HN2new | past | comments | ask | show | jobs | submitlogin
Show HN: DataStation – App to easily query, script, and visualize data (github.com/multiprocessio)
131 points by eatonphil on May 31, 2022 | hide | past | favorite | 31 comments


I really don't like the "hidden" enterprise license. On the surface you might assume it's AGPL 2.0 but upon careful inspection, there lives an enterprise commercial license in the ee/ directory.

Wish you'd been more up front about this, for many organizations, the license is a make or break, as they often customize it for their use and distribution.

I'm walking away confused. Not sure if using this or creating derivative work from it results in being sent an invoice for an enterprise license or what the deal is.


I took inspiration from the structure of Gitlab which commits ee code alongside open source (in the same style of folder structuring where everything outside of ee is open source and everything within ee is proprietary.) I'd like to keep it that way because it simplifies operations.

But all the screenshots and website and docs only show open source features. And the core is Apache 2.0, not AGPL, as the license indicates.

ee is only extensions on top. But there's not much to say about the ee folder because not much functionality exists yet in the ee version. In fact you can't even install the ee version in any form yet. Only the community edition is available for download.

Happy for feedback in being clearer!


appreciate the response


I love the idea of a data notebook. Have you seen Franchise? It's a lovely design for something similar, though its implementation (which stopped in 2019) didn't go beyond querying and visualization, rather than manipulation. But the stying and component design are lovely, and it may be possible to pull that from their code. https://github.com/HVF/franchise


Nope I haven't seen that! Looks interesting, thanks.


Looks very useful! In terms of feedback, I think if you brought in a designer you'd have a much bigger "wow" factor. There's a lot of low hanging fruit like consistent button styles, fonts, whitespace, larger text inputs, that'd go a long way. And I'm sure you've thought of this already, but seems like a node-based paradigm could be an improvement over the panel-based paradigm e.g. more akin to something like Blender nodes, or Tableau.


> In terms of feedback, I think if you brought in a designer you'd have a much bigger "wow" factor.

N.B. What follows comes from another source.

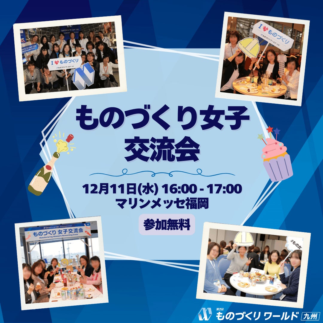 初日11日(水) 16:00~「ものづくり女子交流会」を開催!九州では昨年に引き続き2回目の開催となります。年齢・職種問わず、製造業で働く女性の方全員が対象です。ふるってご参加、ご取材ください。

There's a lot of low hanging fruit like consistent button styles, fonts, whitespace, larger text inputs, that'd go a long way.

Yes this would be nice to have! If there's a version of this that gets funded or bootstrapped then I'd definitely like to bring someone on to help.

> And I'm sure you've thought of this already, but seems like a node-based paradigm could be an improvement over the panel-based paradigm e.g. more akin to something like Blender nodes, or Tableau.

Actually no I'm not familiar with this concept. But I have seen what natto.dev does and I'm concerned that that is too free form compared to how DataStation works. A little structure is useful IMO. I'm not sure how similar Blender nodes or Tableau are to natto.dev.

That said, DataStation panels show up in an order but the order of evaluation is not set. You can import the results of a panel defined below the current panel it just matters that the panel you refer to has been run. So it may be closer to a node-based design in that case. But again I'm not sure if that's what you mean.


Hadn't seen natto before, but I agree that's pretty far out there! If you search images of Tableau Prep, that's more along the lines of what I had in mind. Although Tableau supports Python and R, it's not nearly as well integrated as what you've done with DataStation. In general, it's more geared towards Excel power user types, rather than programmers.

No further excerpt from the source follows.